= Hans Rudolf Mühlemann =

Swiss dentist and academic (1917–1997)

Hans Rudolf Mühlemann (August 26, 1917 – June 1, 1997) was a Swiss dentist and medical academic. He was professor and director of the Dental Instituts University of Zurich.

== Life and career ==
Hans Rudolf Mühlemann was the son of Hans Mühlemann, a bank director in St. Moritz, Canton of Graubünden, Switzerland, and Elsa Müller, daughter of a textile industry family in Kandergrund, Canton of Bern, Switzerland. Hans R. Mühlemann attended primary school in St. Moritz, and high school in Schiers, Canton of Graubünden, Switzerland. He studied both dentistry and medicine in Zürich. Already in his early childhood, he was interested in new technologies such as radio, television, telephone, computers and electronic gadgets of all kinds. He was an avid skier and ski jumper. During high school, he suffered a skiing accident that left him with a lifelong walking disability. Thereafter, his sport activity was limited to swimming and scuba diving. He completed his studies in dental medicine in 1942. Subsequently, he pursued his study of medicine at the universities of Bern, Geneva and Zürich. He received the Dr.Med.Dent. (DDS) degree in 1945 and Dr. Med. (DMS) in 1948, both from the University of Zurich.

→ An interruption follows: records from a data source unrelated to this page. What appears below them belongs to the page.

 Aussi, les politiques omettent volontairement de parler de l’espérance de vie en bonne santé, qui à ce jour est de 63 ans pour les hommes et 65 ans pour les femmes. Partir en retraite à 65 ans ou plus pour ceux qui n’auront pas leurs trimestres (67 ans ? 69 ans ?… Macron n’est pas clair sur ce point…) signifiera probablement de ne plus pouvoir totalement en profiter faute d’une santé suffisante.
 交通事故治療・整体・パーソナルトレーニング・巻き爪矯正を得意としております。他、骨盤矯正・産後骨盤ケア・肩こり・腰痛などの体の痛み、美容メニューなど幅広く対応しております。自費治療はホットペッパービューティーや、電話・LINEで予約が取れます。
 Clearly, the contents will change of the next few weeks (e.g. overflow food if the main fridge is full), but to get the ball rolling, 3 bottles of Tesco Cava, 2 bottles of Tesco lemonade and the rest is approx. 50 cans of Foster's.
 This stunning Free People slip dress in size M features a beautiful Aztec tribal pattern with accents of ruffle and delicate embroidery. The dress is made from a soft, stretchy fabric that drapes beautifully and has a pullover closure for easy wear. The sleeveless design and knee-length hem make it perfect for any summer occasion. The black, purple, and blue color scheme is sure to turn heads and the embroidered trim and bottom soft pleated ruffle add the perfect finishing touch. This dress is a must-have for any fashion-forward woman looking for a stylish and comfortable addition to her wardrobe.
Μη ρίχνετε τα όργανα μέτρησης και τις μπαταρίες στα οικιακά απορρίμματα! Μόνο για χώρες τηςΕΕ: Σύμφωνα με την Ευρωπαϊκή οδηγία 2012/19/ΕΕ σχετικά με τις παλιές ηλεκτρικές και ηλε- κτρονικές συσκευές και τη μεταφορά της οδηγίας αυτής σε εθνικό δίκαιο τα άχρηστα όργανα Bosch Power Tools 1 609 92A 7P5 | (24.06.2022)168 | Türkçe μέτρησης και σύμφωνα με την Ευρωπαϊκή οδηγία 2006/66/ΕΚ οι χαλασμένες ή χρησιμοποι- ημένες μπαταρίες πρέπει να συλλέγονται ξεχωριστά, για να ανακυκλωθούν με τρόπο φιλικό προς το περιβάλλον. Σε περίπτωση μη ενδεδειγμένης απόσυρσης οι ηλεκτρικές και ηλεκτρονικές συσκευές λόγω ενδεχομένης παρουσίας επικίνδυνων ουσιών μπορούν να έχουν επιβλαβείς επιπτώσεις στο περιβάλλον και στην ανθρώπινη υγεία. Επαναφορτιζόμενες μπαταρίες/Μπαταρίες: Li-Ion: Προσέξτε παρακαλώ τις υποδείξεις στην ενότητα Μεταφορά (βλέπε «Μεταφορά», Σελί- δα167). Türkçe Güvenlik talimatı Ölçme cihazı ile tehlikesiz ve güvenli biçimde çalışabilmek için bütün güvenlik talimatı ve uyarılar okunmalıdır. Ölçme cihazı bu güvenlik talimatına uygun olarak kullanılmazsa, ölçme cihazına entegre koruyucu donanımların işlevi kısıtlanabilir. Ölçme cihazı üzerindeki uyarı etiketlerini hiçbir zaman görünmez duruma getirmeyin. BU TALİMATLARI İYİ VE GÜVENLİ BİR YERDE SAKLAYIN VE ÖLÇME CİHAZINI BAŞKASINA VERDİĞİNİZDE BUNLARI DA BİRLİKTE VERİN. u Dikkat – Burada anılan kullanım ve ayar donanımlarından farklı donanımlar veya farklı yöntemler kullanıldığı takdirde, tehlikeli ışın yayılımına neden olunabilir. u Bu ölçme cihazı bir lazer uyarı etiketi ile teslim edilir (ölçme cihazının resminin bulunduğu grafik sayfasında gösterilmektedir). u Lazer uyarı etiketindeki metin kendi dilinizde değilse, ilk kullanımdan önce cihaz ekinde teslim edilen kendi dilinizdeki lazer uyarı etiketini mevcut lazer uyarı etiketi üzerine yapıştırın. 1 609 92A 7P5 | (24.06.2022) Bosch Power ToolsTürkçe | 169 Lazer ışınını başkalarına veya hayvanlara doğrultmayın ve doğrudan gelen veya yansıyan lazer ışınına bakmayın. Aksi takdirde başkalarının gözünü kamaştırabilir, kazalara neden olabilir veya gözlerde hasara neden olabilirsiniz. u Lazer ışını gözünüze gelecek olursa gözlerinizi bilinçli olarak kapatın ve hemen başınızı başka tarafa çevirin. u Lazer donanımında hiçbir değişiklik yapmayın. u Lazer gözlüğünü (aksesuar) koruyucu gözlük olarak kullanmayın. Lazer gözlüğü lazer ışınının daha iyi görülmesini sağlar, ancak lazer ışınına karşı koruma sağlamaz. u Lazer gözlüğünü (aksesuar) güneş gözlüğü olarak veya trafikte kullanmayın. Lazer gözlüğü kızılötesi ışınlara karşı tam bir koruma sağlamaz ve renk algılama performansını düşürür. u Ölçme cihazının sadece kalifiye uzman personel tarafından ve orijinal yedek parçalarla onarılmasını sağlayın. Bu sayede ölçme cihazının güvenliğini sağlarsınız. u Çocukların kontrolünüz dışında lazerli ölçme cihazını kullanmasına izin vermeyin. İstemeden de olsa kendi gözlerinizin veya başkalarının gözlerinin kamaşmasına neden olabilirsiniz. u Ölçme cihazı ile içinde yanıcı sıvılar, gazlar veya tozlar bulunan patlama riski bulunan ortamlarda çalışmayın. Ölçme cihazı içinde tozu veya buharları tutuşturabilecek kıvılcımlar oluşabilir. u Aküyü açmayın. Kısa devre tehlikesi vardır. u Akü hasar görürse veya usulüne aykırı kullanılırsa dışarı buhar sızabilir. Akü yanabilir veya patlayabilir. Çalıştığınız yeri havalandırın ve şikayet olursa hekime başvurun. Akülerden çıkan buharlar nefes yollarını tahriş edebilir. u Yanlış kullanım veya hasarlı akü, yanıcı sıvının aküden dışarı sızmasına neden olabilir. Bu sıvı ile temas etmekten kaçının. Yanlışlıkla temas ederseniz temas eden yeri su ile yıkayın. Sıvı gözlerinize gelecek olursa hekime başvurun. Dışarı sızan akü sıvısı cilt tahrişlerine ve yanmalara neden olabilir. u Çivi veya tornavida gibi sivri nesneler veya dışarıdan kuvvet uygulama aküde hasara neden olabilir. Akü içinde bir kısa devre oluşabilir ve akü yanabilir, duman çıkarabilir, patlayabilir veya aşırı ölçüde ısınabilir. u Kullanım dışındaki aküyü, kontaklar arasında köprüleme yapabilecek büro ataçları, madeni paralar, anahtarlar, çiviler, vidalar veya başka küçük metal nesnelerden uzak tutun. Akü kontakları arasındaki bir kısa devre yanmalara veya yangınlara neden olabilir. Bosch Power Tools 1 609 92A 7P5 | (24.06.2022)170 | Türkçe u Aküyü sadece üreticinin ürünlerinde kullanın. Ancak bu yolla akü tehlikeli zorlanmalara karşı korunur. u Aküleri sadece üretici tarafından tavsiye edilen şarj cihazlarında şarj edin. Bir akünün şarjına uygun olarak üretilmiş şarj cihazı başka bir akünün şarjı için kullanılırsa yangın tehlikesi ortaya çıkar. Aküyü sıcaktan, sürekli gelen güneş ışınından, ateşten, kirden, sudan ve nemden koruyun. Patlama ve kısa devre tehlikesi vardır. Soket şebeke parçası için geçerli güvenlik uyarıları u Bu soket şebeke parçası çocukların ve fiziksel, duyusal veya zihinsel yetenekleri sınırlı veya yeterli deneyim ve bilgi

From 1946 through 1951, he was a teacher/instructor in the Department of Orthodontics at the University of Zurich, and for a short time also in the Department of Oral Surgery. During this time, he invented the “propulsor”, a device for treating jaw malformations. In 1951, he completed his postdoctoral thesis at the University of Zurich, based upon his research in the area of physiologic and pathologic tooth mobility. Thereafter, he pursued post-graduate education/training in the Department of Radiology at the University of Illinois, Chicago, and at the Oak Ridge National Laboratory in Tennessee, where he studied the use of radioactive isotopes for marking tissues. At the university of Minnesota, he worked in the Department of Periodontology, gaining experience with primate model research systems. In 1953, he was called to chair the Department of Cariology and Periodontology at the University of Zurich, and was selected in 1963 as Director of the Dental Institute at the University of Zurich.

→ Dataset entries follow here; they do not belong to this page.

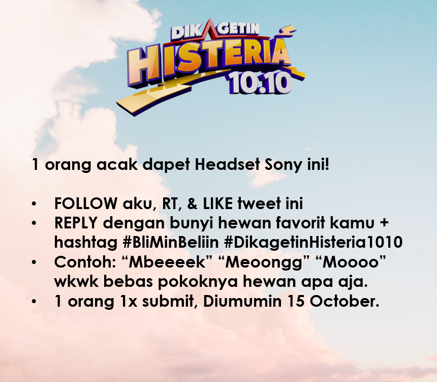 Cek deh syaratnya, trus ini hashtagnya: #BliMinBeliin#DikagetinHisteria1010 Good luck yaah!!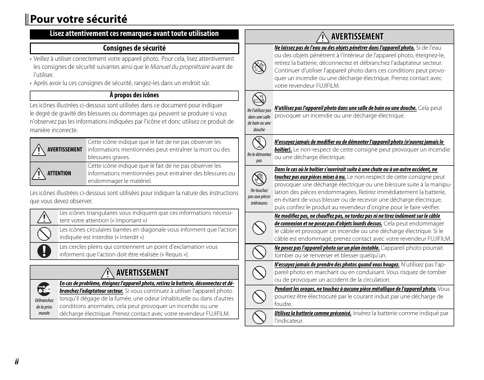 Ne laïsser pas de l'eau ou des objets pénérer dans l'appareil photo. Si de l'eau ou des objets pénéront à l'intérieur de l'appareil photo, éteigné-le, retirez la batterie, déconnectez et débranchez l'adaptateur secteur. Continuer d'utiliser l'appareil photo dans ces conditions peut provoquer un incendie ou une décharge électrique. Prenze contact avec cette revendeur FUJFILM.
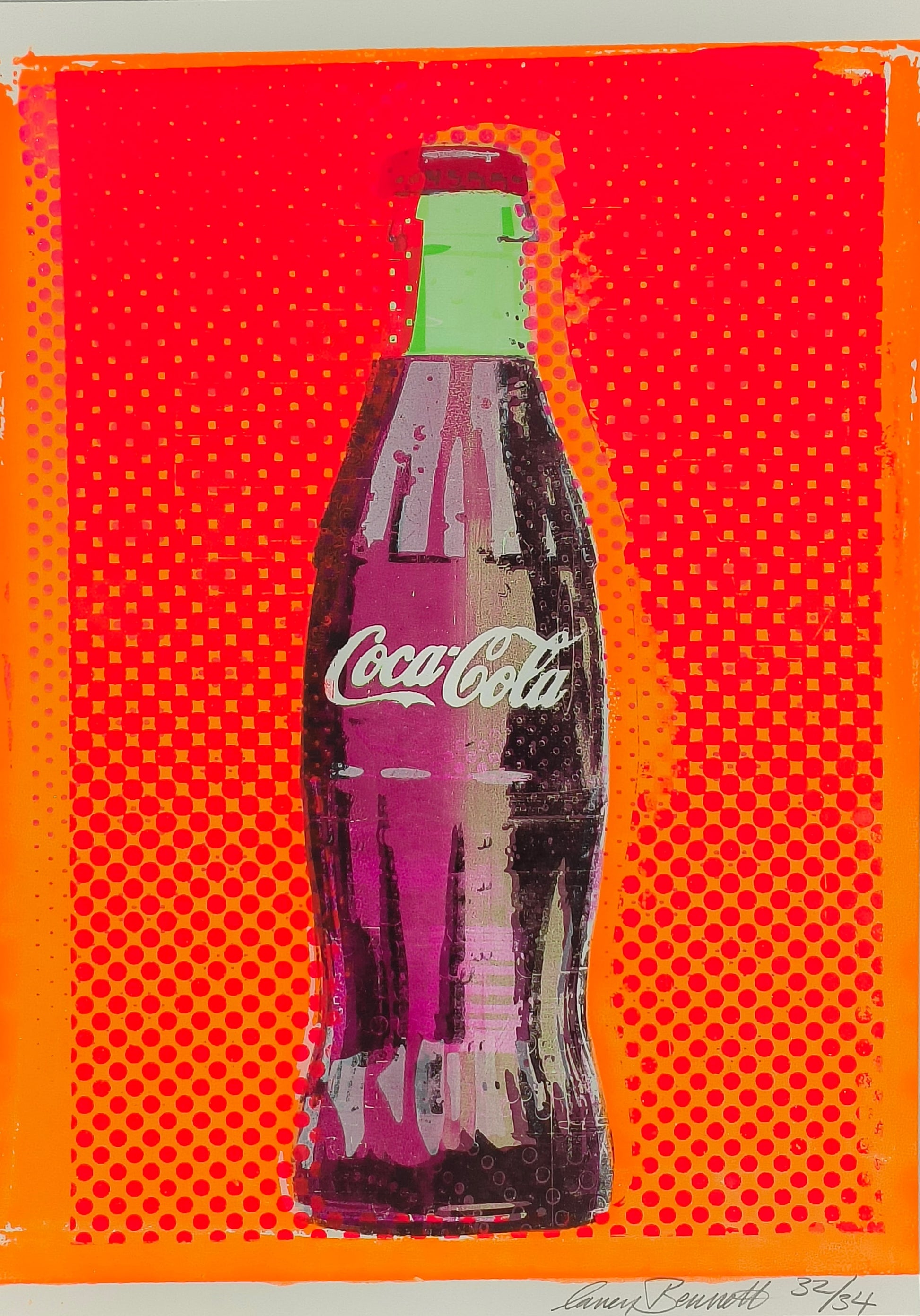 This A4 multi-layered screen prints pays homage to the iconic design of the Coca Cola bottle and brand. Each print is uniquely layered with texture and vibrant colours. Retro halftones pay homage to its vintage heritage, invoking a sense of nostalgia.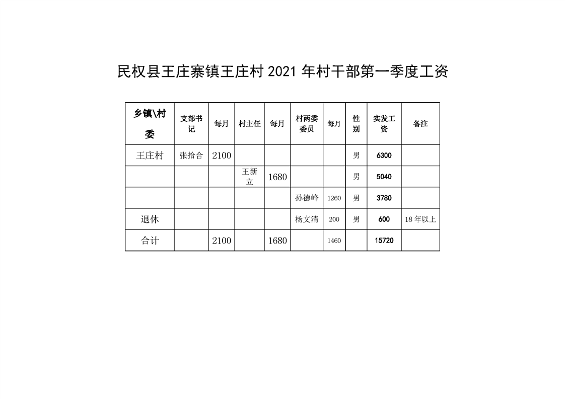 民权县王庄寨镇王庄村2021年村干部第一季度工资
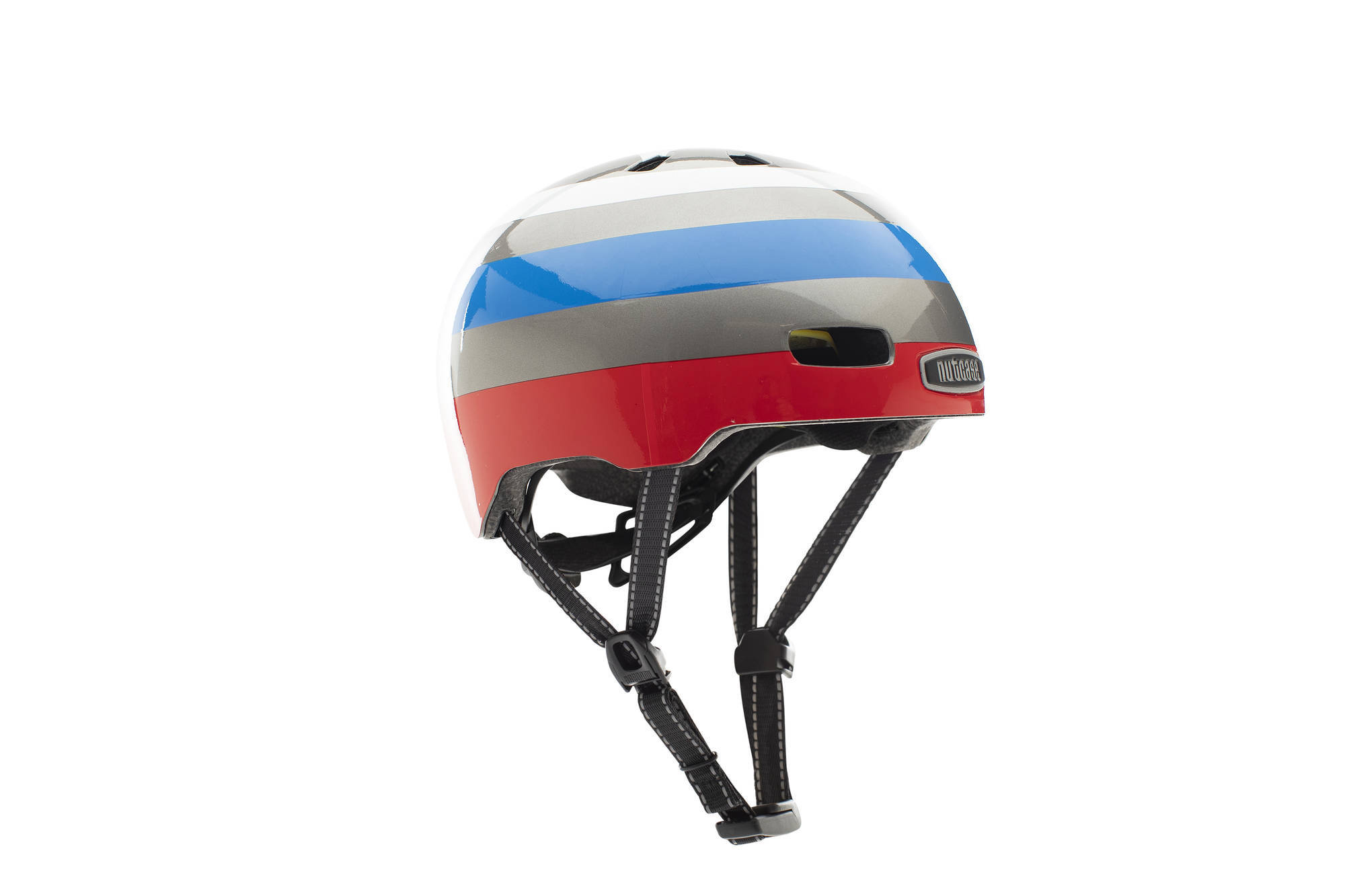 Nutcase Little Nutty Mips cykelhjälm S 52-56, har en livlig randig design för barn. Nutcase sätter standarden för roligt när det kommer till barnhjälmar. Helt nya Little Nutty höjer ribban igen: den har MIPS, ett ledande säkerhetssystem samt en skyddande Crumple Zone EPS-inredning.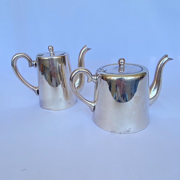 • FRACALANZA - Bule e chaleira em metal espessurado à prata, alça em voluta e pegador em bola, med. 12cm e 13cm. Apresenta pouco amassados

At the time that Mühlemann was selected for a chairmanship in Zurich in 1953, Switzerland and much of Europe was in desperate straits in terms of dental/oral health. Dental offices were booked up for months in advance, and there was a shortage of dentists. There was scarcely time for the placement of adequate restorations. In the post-war years, children in Switzerland developed four carious teeth per year; frequently, the first permanent molars were extracted in 7- to 9-year-olds for “prophylactic” reasons.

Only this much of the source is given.